As we showed above, in 2019, total petroleum fleet emissions were calculated as ~14.7 billion lb. Of this total, approximately 14 billion lb comes from a single plant ("Columbia", id 8023). There are a couple of issues with this:

  • Plant 8023 is actually a coal plant (it uses a small amount of DFO for startup)
  • While CEMS reports over 5.8 million MWh of generation from this plant in 2019, EIA only reports about 3 thousand MWh of generation.

This suggests that there are two big issues:

  1. There is something wrong with our plant primary fuel identification
  2. Our gross to net generation conversion is "accurate" in that it is converting 5.8 million MWh to 3,000 MWh, but we should not be allowing this when there is that big of a discrepancy in gross to net. This is a situation where the algorithm should be defaulting to a more reasonable default gross to net ratio.

What else do we know about what's going on?

  • The pipeline is defaulting to use CEMS data for this plant
  • The cleaned CEMS data for this plant is being assigned a fuel code of DFO, which is incorrect.

I'm going to poke around with this plant and see what I can find out.

So it looks like the issue may be with the pudl.analysis.allocate_net_gen.allocate_gen_fuel_by_generator_energy_source() module. It appears that it is dropping some data.

Here's what the raw EIA-923 data says is the generation and fuel consumption of plant 8023 in 2019:
image

And here's what the output of the generation fuel allocation is:
image

It looks like maybe the issue is with the RC fuel code getting dropped or not merging correctly.

To be continued...

After further investigation, it looks like the issue is partially in the raw EIA-860 data, and partially with our pudl allocate_net_gen function.

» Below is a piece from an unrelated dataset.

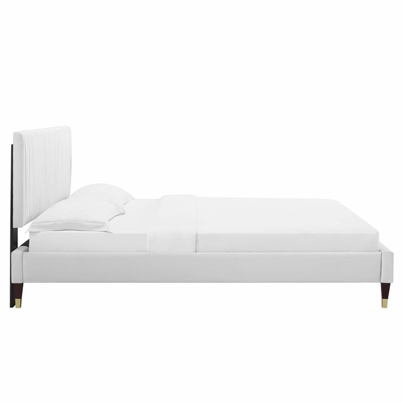 Reimagine a guest bedroom or teenager's bedroom decor with the Peyton Channel Tufted Performance Velvet Full Bed. Rich in vintage modern elegance and glam deco style, the full headboard of this platform bed features retro channel tufting, luxe velvet texture, and dense foam padding to offer a supportive place to rest while sitting up in bed. A full size bed covered in stain-resistant performance velvet, this platform bed is a sturdy mattress foundation for memory foam, innerspring, latex, and hybrid mattresses. Eliminating the need for a box spring, the MDF frame of this full bed is complete with a wood slat support system crafted with poplar for lasting durability and support. This slatted bed frame rests on black wood legs with non-marking foot caps and includes a reinforced center beam with two support legs for enhanced stability. Assembly required. Weight Capacity: 800 lbs.

Although for plant 8023, EIA-923 reports most of the annual fuel consumption in 2019 associated with the RC energy source code, in EIA-860, none of the energy source codes associated with this plant are RC (in fact, in EIA-860, both energy_source_code_1 and energy_source_code_2 are SUB which seems strange...). This means that when our allocate_net_gen function is using the energy_source_code as a merge key, it is not finding RC in the gens table and thus dropping all of this data.
I'm not sure how widespread this issue might be yet, but it seems like there may be a relatively simple patch we could implement in the allocate_net_gen function: for each plant-pm, we could check whether all of the energy source codes reported in the gf table also exist in the the gens table. If not, we could add any missing energy source codes to the gens table so that the merge doesn't drop this data (although if we are doing an "outer" merge, should this matter?)

After investigating further, in 2019, this bug affected 49 individual plants and is leading to up to ~52,000,000 MWh and 528,000,000 mmbtu of fuel (primary coal and petroleum) being dropped from the dataset. The cause of this is that a fuel code that exists in the EIA-923 generation and fuel table is not listed as one of the fuel codes in the EIA-860 generator table, and we did not previously catch this in the pudl allocate_net_gen code.